Un isola stupenda dove quando si cammina lungo la costa sembra di posare i piedi sulla farina. Una consistenza e un colore della sabbia mai visti. L’acqua è quella dei tropici quindi il mix è piscina. Abbiamo passato questi giorni a rilassarci sui lettini alternando passeggiate nell’acqua bassa tra le stelle marine e qualche escursione.
La prima è stata l’escursione con i delfini. Presa una barca alle 7 della mattina ci siamo diretti verso l’isola di Mnemba (detta isola di Bill Gates). In quella zona è possibile fare snorkeling, camminare sulle lingue di sabbia e quando si incrociano branchi di delfini, tuffarsi e cercare di nuotare con loro. Assolutamente consigliata!!

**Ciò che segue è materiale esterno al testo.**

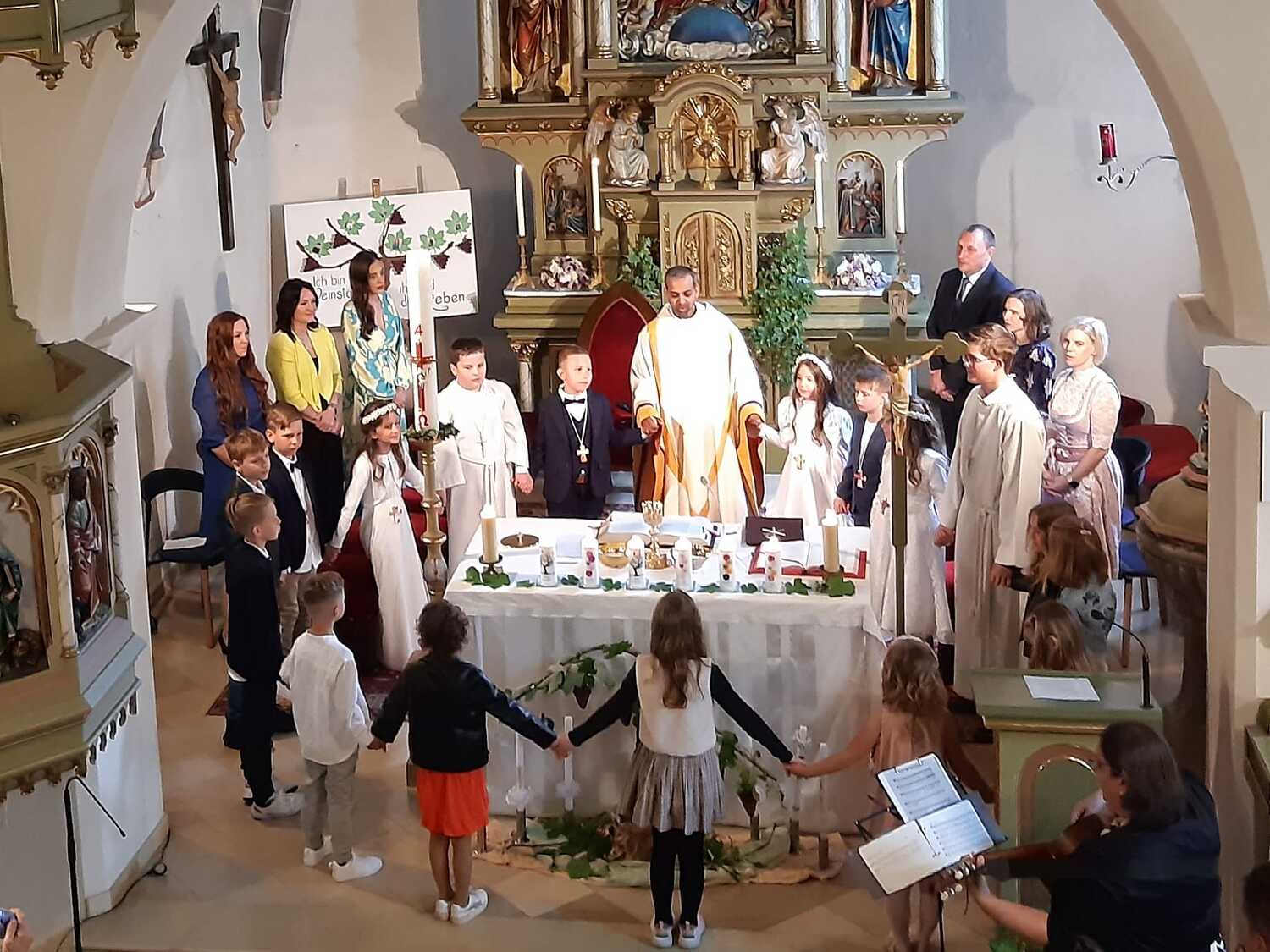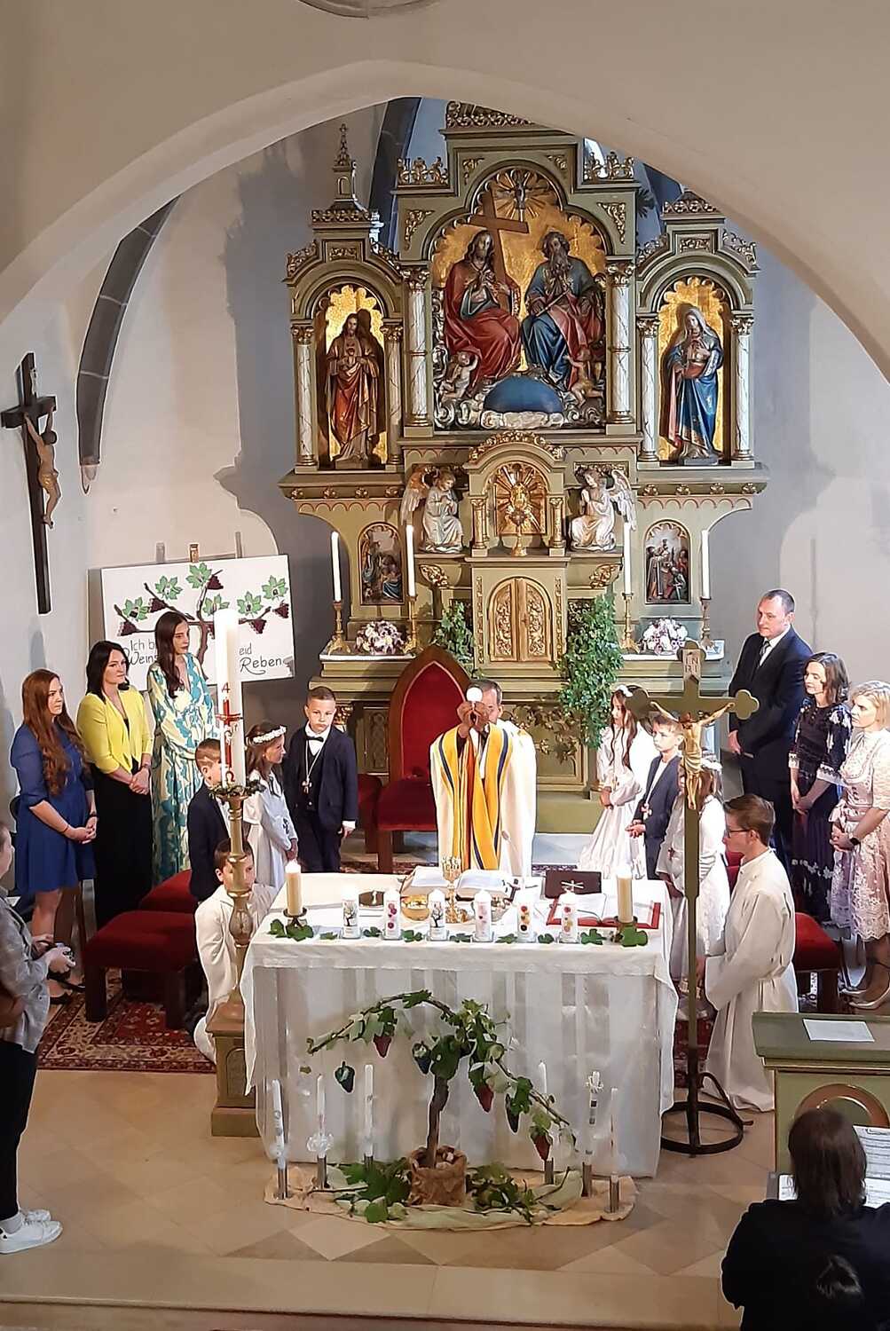 Mit dem Bibelzitat „Ich bin der Weinstock, ihr seid die Reben“ haben sich die Kinder schon sehr lange auf dieses besondere Ereignis vorbereitet.
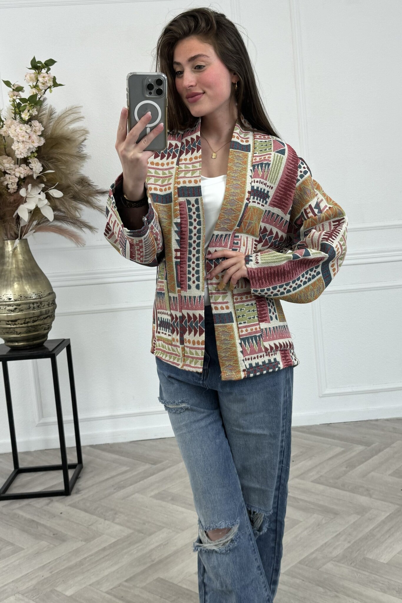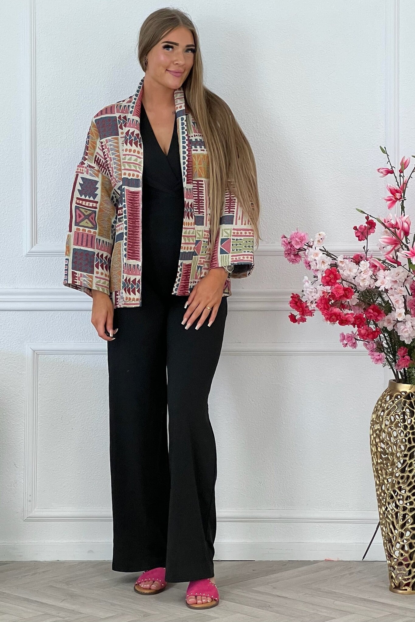 Dit leuke kimono jasje is perfect voor de aankomende zomer avonden. Het jasje is gevoerd, en heeft twee zakken. We love it!
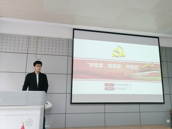 为深入学习贯彻习近平新时代中国特色社会主义思想和党的十九大精神,不忘初心、牢记使命,提高员工党员理论修养,10月31日上午,威廉希尔官网第三员工党支部(包括原2017级硕士生党支部及2018级硕士生党支部部分党员)开展了“三创三力”党支部系列主题活动——“学党章、知党史、守党纪”知识竞赛。
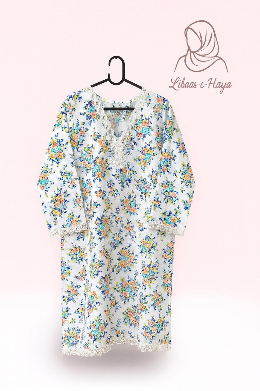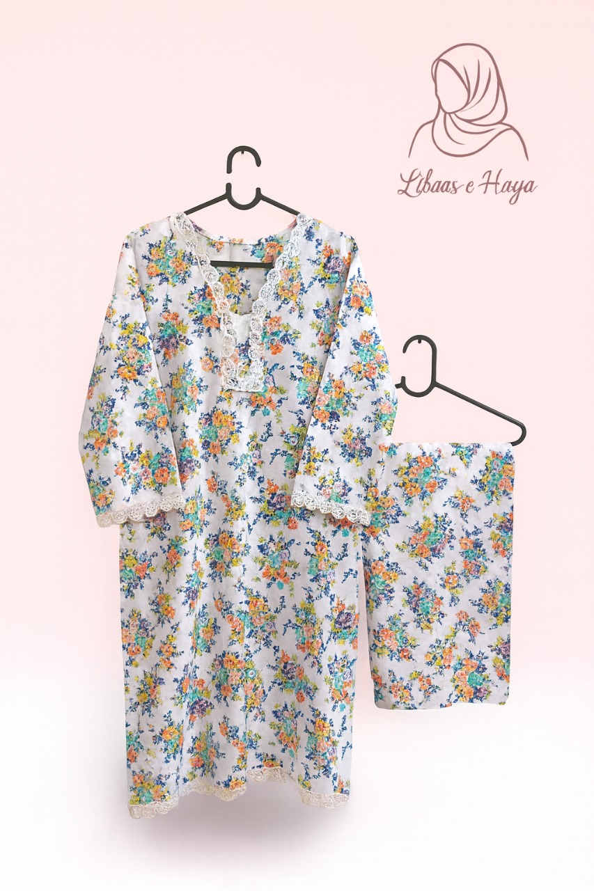 Libaas-e-Haya White Floral Lawn Two-Piece – A fresh summer look crafted in soft lawn fabric. Featuring a white base with vibrant multi-colored floral prints and lace detailing, this dress is designed for breathability, elegance, and effortless style, perfect for everyday and casual wear.
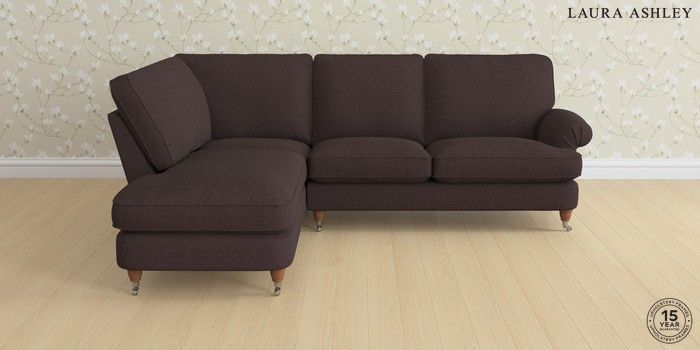 7.0.3 Buy Beaumaris by Laura Ashley Medium Sofa Chaise - Left Hand Bainton Chocolate Brown Low Chrome Castor - Teak from the Next UK online shop Click here to use our accessible website
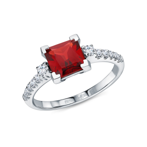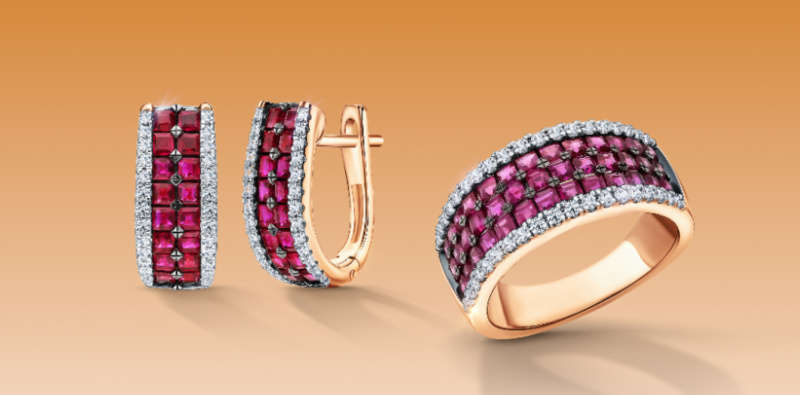 Золотое кольцо с бриллиантами выращенными и рубинами выращенными
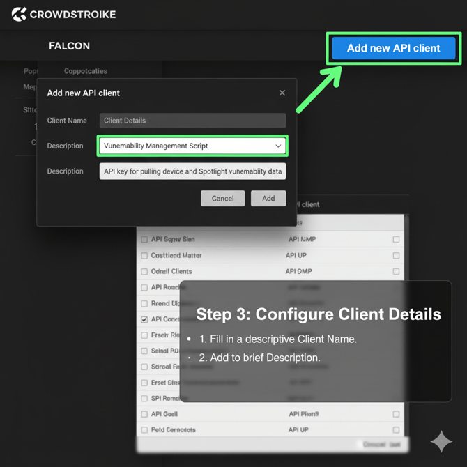 - Client Name: Give your API client a descriptive name (e.g., "Vulnerability Management Script").
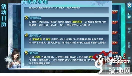 9月29日早11:00,跨服白虎堂第五层第一次开启。我们可以像以往一样,进入白虎堂,选择合适的入口参加。在前三层,都和以往的白虎堂一样。和家族成员一同前进,与其余家族对抗,清闯堂贼和各层的BOSS。
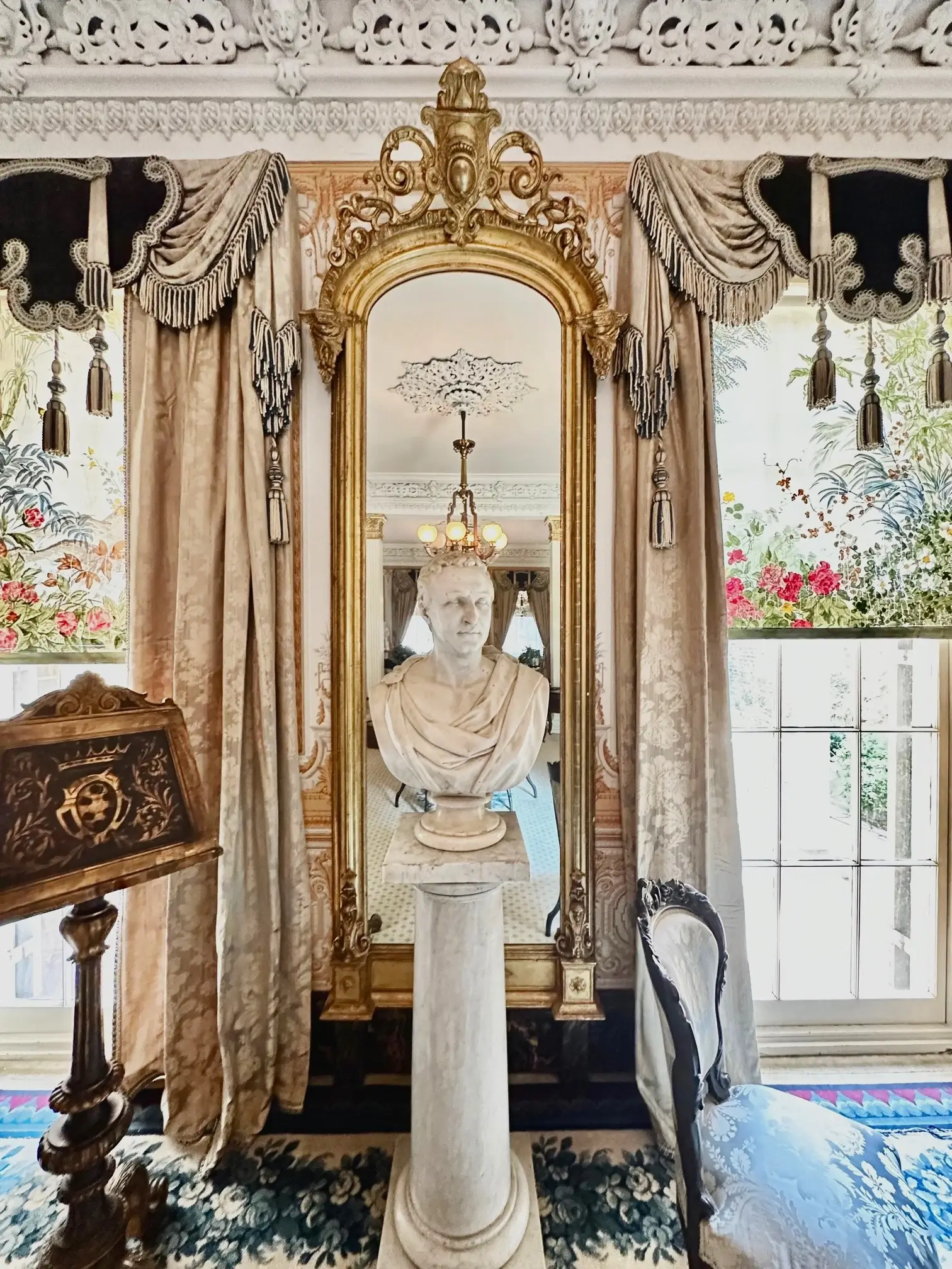 Another Louis Phillipe-style mirror sits on a central pier behind a marble bust. Beside the marble bust sits a music stand from the French Opera house in New Orleans. James Gallier Jr. designed the French Opera house, which burned down in the early 20th century. The music stand is supposedly the only remnant that remains of the opera house today.
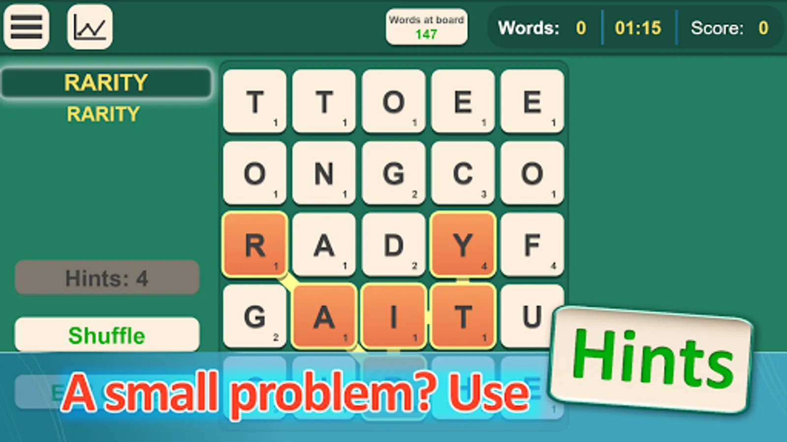 The new, innovative hint allow you to solve particularly difficult cases. With on-board word counter you can precisely determine when to board shuffle.
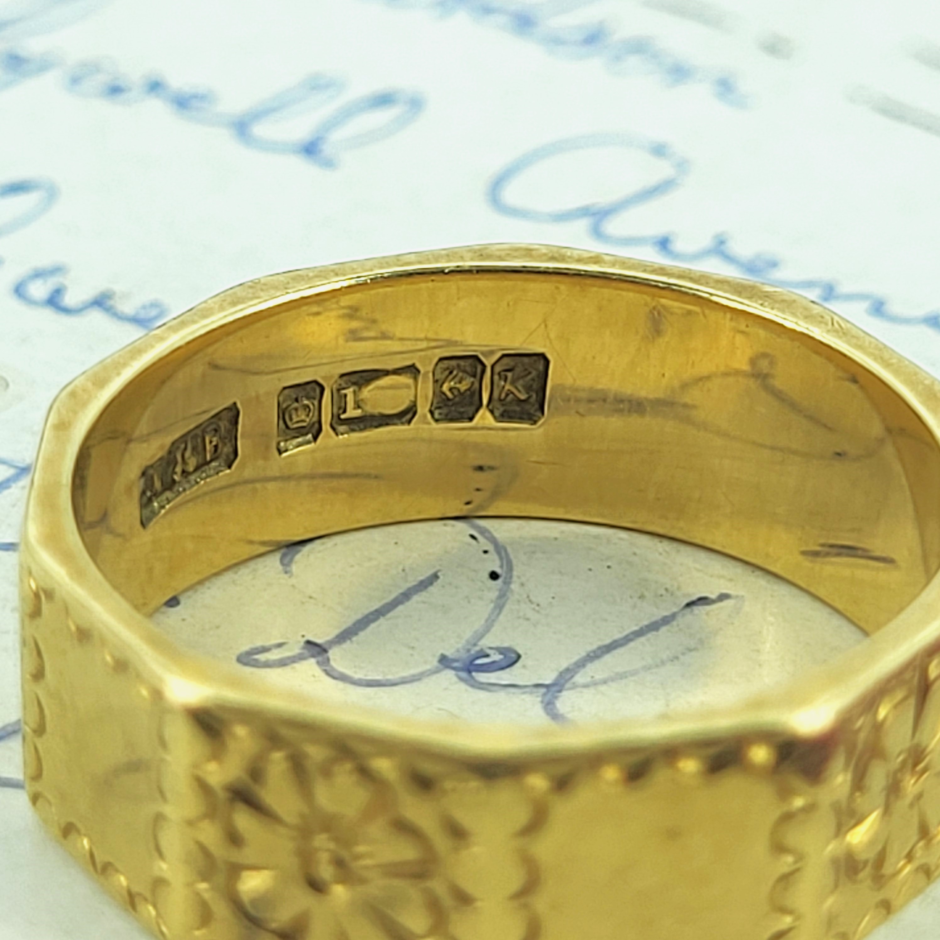 Hallmarked in Birmingham in between 1959 and 1960 by the makers J and B with a width of 6.5mm. Size O and due to its design cannot be sized.
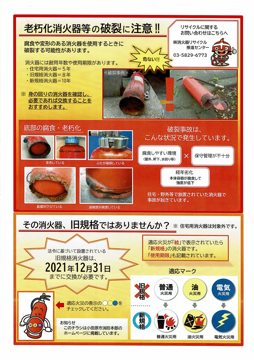 消火器についての注意。
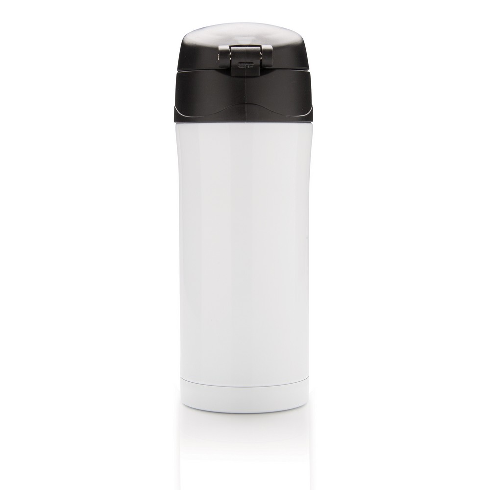 Kubek termiczny 300 ml, podwójne ścianki ze stali nierdzewnej z próżnią pomiędzy, obsługa jedną ręką, wykonany z materiałów pochodzących z recyklingu z certyfikatem RCS, całkowita zawartość materiałów z recyklingu obliczona na podstawie wagi całkowitej przedmiotu: 71%, w pudełku z papieru kraftowego z certyfikatem FSC®, utrzymuje temperaturę napojów gorących do 20 godzin oraz zimnych do 15 godzin
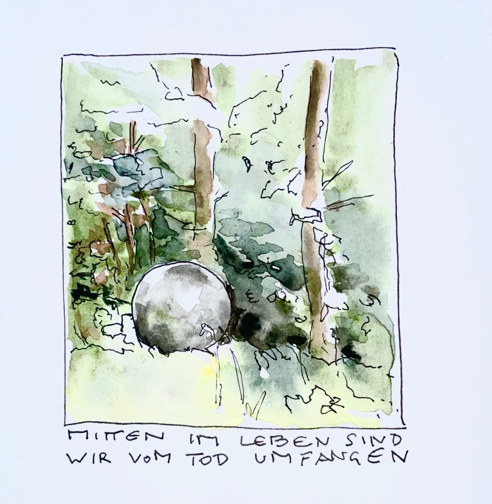 Es gibt noch einen ganz konventionellen Stein für die beiden Piloten, eine Metalltafel, die das Ganze erklärt und auf dem auch der Satz mitten im Leben sind wir vom Tod umfangen“ steht.
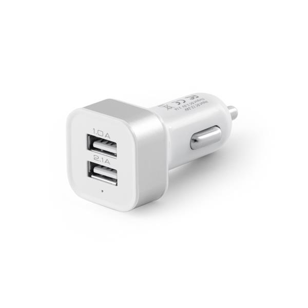 Adaptador de isqueiro para carro. ABS e alumínio. Com 2 saídas 5V/1-2.1A. 31 x 31 x 63 mm
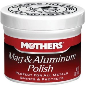 MOTHERS MAG AND ALUMINUM POLISH — 5 oz.; This metal polish is strong enough to put a shine to the most neglected metals and gentle enough to use on a regular basis; For aluminum wheels and parts, brass, alloys, and accessories; Use with a clean cloth and a little elbow grease.
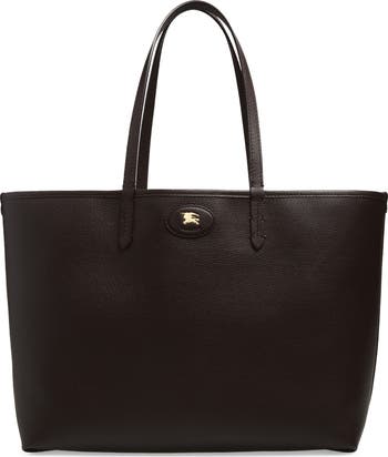 A house-signature Equestrian Knight gallops across the front of this reversible tote that switches from classic pebbled leather to cotton-blend canvas patterned with instantly recognizable checks.
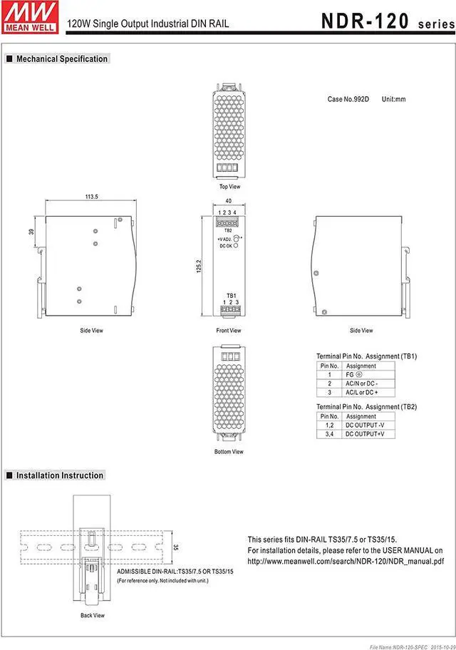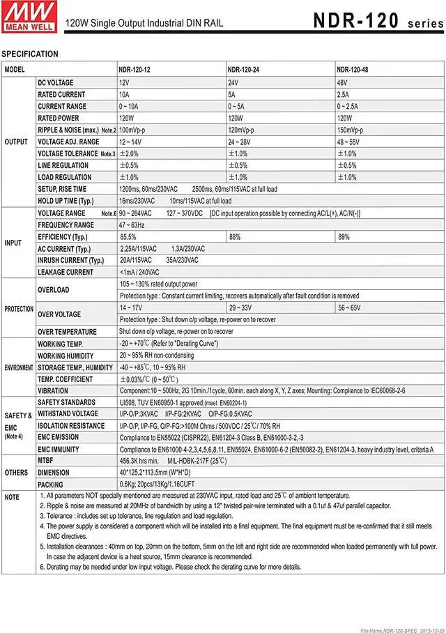 Output Voltage: 12V Approx. Wattage: 120W Protections: Short circuit / Overload / Over voltage / Over temperature Can be installed on DIN rail TS35 / 7.5 or 15 Warranty: 3 Years Warranty

La seconda è stata l’escursione alla riserva delle tartarughe marine Baraka. È fondamentalmente una riserva, tenuta non troppo bene, dove è presente una laguna casa di tartarughe marine grandi e piccole. Si può nuotare con loro e dargli da mangiare. Questo luogo serve a riabilitarle per metterle in natura. Per raggiungere la riserva si può camminare lungo la spiaggia (1 ora) o prendere un taxi (15 min). Consigliata ma non come prima scelta.
Qui si chiude il nostro viaggio. Un posto fantastico che però non nasconde la povertà che sta appena al di fuori dalle mura dei resort.
LINK al sito ufficiale
Consigliata perché spesso si fa scalo ad Adis Abeba dove è obbligatoria.
Non è più presente da 10 anni quindi è pressochè inutile farsi pesanti trattamenti.
Settembre e Ottobre sono ottimi mesi per visitare la Tanzania. Il clima è mite e i turisti non affollano i parchi come a Giugno, Luglio e Agosto.
Portare con se un ottimo obiettivo che arrivi a 400mm. In Italia alcuni negozi li noleggiano. Spendete qualcosina per l’obiettivo e tornerete con delle foto soddisfacenti.
Il Jungle forte non serve quasi a niente perchè in questi mesi non ci sono zanzare. Sono invece presenti le mosche zse zse che se pur non pericolose pungono e danno fastidio.
Noi siamo andati benissimo con i fermenti boulardi. Il cibo nei lodge è controllato e l’acqua che vi danno è sempre quella della bottiglia anche per lavarsi i denti.
L’Africa in generale costa quindi se vi aspettate di andare nei posti e pagare poco oggetti e cibo avete sbagliato. I lodge sono tutti di proprietà di qualche europeo e questi come anche le persone del posto adeguano i prezzi a chi ci alloggia; noi.